As examples of faculty creating high-impact, innovative programs, Gallo cited Kateri Carver, director of UWRF's Montessori Studies Program, who oversees the nation’s only doctoral Montessori program; Kurt Vogel, animal science associate professor who oversees the nation’s only Humane Handling Institute that trains meat processors to butcher animals humanely; and Karl Peterson, chemistry professor and associate dean of the College of Arts and Sciences, who described the SciTech building and business partnerships with the university. 

Those facilities will further a national trend of universities and businesses working more closely together to spur innovation and boost the economy, the chancellor said. Being close to Minneapolis-St. Paul, and with nearly half of its students from Minnesota, UW-River Falls is geographically positioned to attract and retain students while adding to the workforce and increasing economic development, she said. 

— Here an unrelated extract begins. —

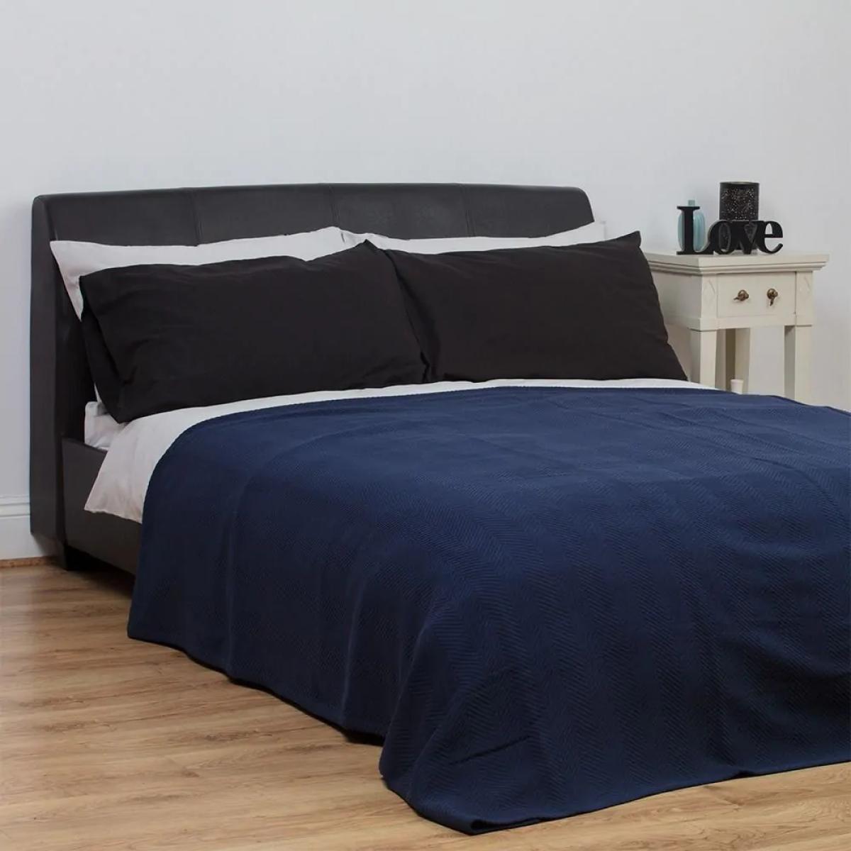 Bedspreads are the perfect finishing touch to your bedroom designs, giving a stylish look to the bed along with extra comfort and warmth that helps you to unwind and relax during those cold winter nights. This herringbone piece has a deep navy colour that adds a richer and more sophisticated look to your bedroom décor, creating a classier environment and tone for your home. The throw is 250x260cm in size so will be a great fit for any size bed!.
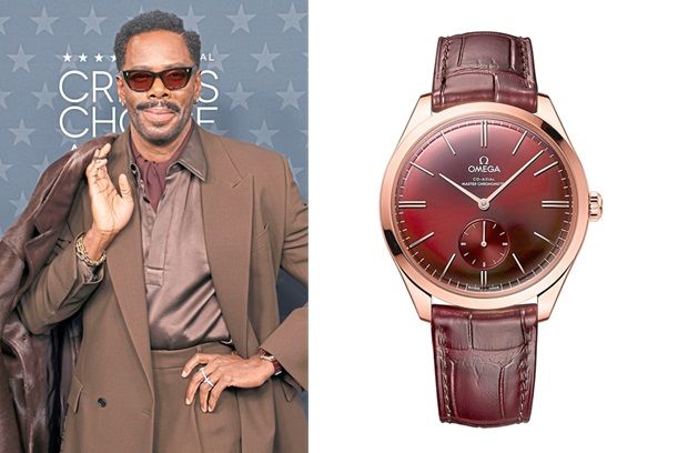 Nominated for the Best Actor award for his role in Sing Sing, Omega’s new friend of the brand wears a De Ville Trésor in 18K Sedna Gold with a burgundy dial and burgundy leather strap.

“It is not only the students that we want in our area,” Gallo said. “We want the businesses here too, so that the university can build significantly deeper relationships with them to retrain and upskill their workers, as well as have them work with our faculty to innovate in our University Business Collaboration Center within SciTech and invest in our technologies and academic and co-curricular programs.”

By partnering with businesses, UW-River Falls students and faculty will continue to innovate and boost the region and state in numerous ways, Gallo said. On Wednesday, one of those partnerships was highlighted when WinField United, the crop products and consulting division of Land O’Lakes, Inc, received a UW System Regents Business Partnership Award

UW System President Jay Rothman praised the partnership, saying such collaborations “are so absolutely vital to our being able to help our students and to help the state of Wisconsin.” Continuing to train students in ways that will drive future job creation such as those described by Gallo is key to advancing Wisconsin, Rothman told Regents. 

“Our employers need these kinds of skills to grow Wisconsin. They tell us that,” Rothman said. “That is the direction we are heading in, and it will continue to make our state a better place.”